Parkstein
26.08.2018 - 10:05 Uhr

Kirche aus Eger im Steinstadel

„Ein Dachstuhl zum Nulltarif – wo gibt´s das?“ Zimmermeister Josef Hauer hat diese Frage mit dem Bau des Modells des Dachstuhl für die Franziskaner-Klosterkirche Eger beantwortet.

Auf ein gelungenes Werkes, wie den Dachstuhl der Franzikander-Klosterkirche Eger muss nach Zimmermannsbrauch das Glas erhoben werden: Innungsobermeister Karl Müller bittet die Gäste mit Oberbürgermeister Zdenek Hrlak, Günter Juba, stellvertretenden Landrat Albert Nickl, Zimmermeister Josef Hauer, Bürgermeisterin Tanja Schiffmann und Rainer Christoph (vorne, von links) ihm nachzueifern. Bild: bey
Auf ein gelungenes Werkes, wie den Dachstuhl der Franzikander-Klosterkirche Eger muss nach Zimmermannsbrauch das Glas erhoben werden: Innungsobermeister Karl Müller bittet die Gäste mit Oberbürgermeister Zdenek Hrlak, Günter Juba, stellvertretenden Landrat Albert Nickl, Zimmermeister Josef Hauer, Bürgermeisterin Tanja Schiffmann und Rainer Christoph (vorne, von links) ihm nachzueifern.

(bey) Im Steinstadl erfolgte das Richtfest für den Nachbau im Maßstab 1:15. Das dreischiffige Hallenhaus, so die eigentliche Bezeichnung für den gewaltigen mittelalterlichen Dachstuhl, hat im Original in Eger gewaltige Ausmaße. Es deckte eine Fläche von rund 530 Quadratmetern ab.

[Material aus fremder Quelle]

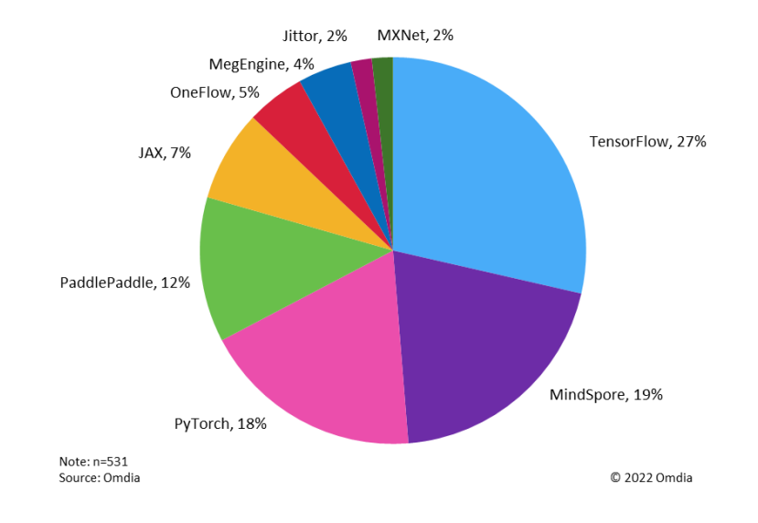 2023年2月6日,行业研究机构Omdia(Informa tech集团旗下)发布了《中国人工智能框架市场调研报告》,深入分析了中国人工智能框架市场的竞争格局,产业现状与创新趋势。Omdia通过调研发现,PyTorch、TensorFlow、MindSpore等人工智能框架在知名度与市场份额上处于第一梯队。
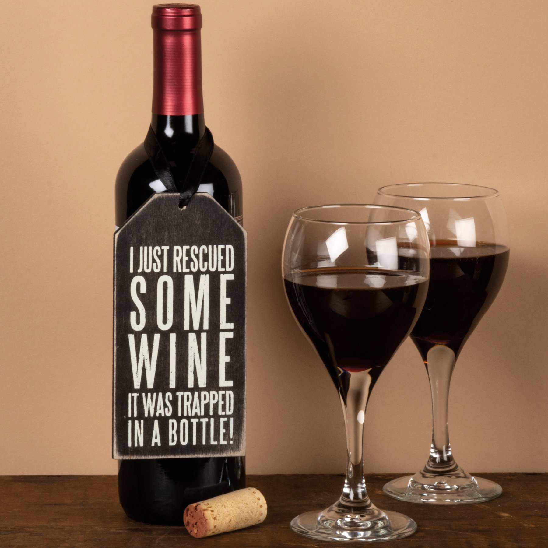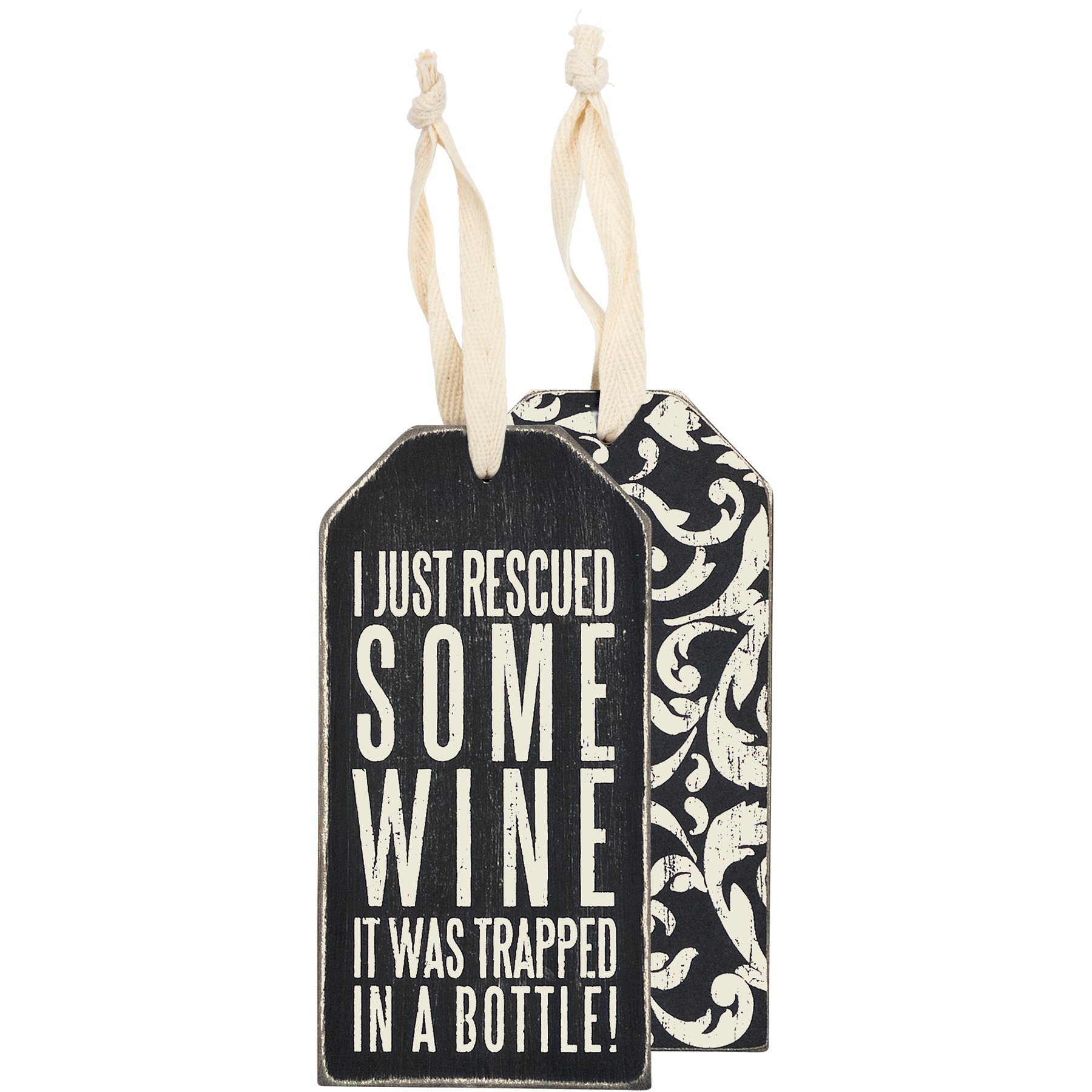 Classic black and white wooden bottle tag featuring distressed "I Just Rescued Some Wine - It Was Trapped In A Bottle!" sentiment with reverse designs. Top fabric loop for attaching to a bottle of wine.

Im Beisein zahlreicher Gäste, darunter dem Oberbürgermeister von Cheb (Eger) Zedenek Hrkal, Dr. Marcela Brabacova von der Stadt Eger, stellvertretendem Landrat Albert Nickl, den Innungsobermeistern Albert Schuller und Karl Müller, Reiner Christoph vom Verein Goldene Straße, Altbürgermeister Hans Schäfer und Bürgermeisterin Tanja Schiffmann als Gastgeberin stellte Zimmermeister Hauer, seit 13 Jahren im "Unruhestand" sein neuestes Modell vor. Zusammen mit dem Dachstuhl des "Gabler-Hauses" soll das Hallenhaus der Franziskaner-Klosterkirche in der Grenzstadt im Nachbarland einen würdigen Platz finden.

Innungsobermeister Karl Müller hatte sich für die kleine Feier einen Richtspruch einfallen lassen, der Josef Hauer so prominent nennt, dass ihn fast jeder Professor kennt. Er habe ein Denkmal geschaffen, das einmal ein Ehrenmal für alle Zimmerleute sein werde und von unbezahlbarem Wert sei.

Bürgermeisterin Tanja Schiffmann eröffnete offiziell die Ausstellung in Parkstein, die noch bis Sonntag, 2. September, von Dienstag bis Sonntag, zwischen 10 und 17 Uhr bei freiem Eintritt besichtigt werden kann.

Stellvertretender Landrat Nickl nannte das Landrichterschloss mit dem Steinstadl den idealen Ort für die Schau, die das Miteinander und die Verbundenheit zwischen Tschechien und Bayern verdeutliche. Die Arbeit Hauers sei ein Zeichen qualifizierten Handwerks, die derartige Meisterstücke bauen können.

Günter Juba erinnerte an die politischen Ereignisse vor 50 Jahren in der damaligen Tschechoslowakei, die zunächst ein Ende der Freiheit bedeuteten. Niemand habe damals, nicht einmal im Traum daran gedacht, dass es eine derartige gemeinsame Veranstaltung geben werde. Juba schilderte mit hörbarer Freude und Dankbarkeit den Weg, der über Christoph zu Hauer und letztlich zum Bau der Dachstuhlmodelle geführt habe.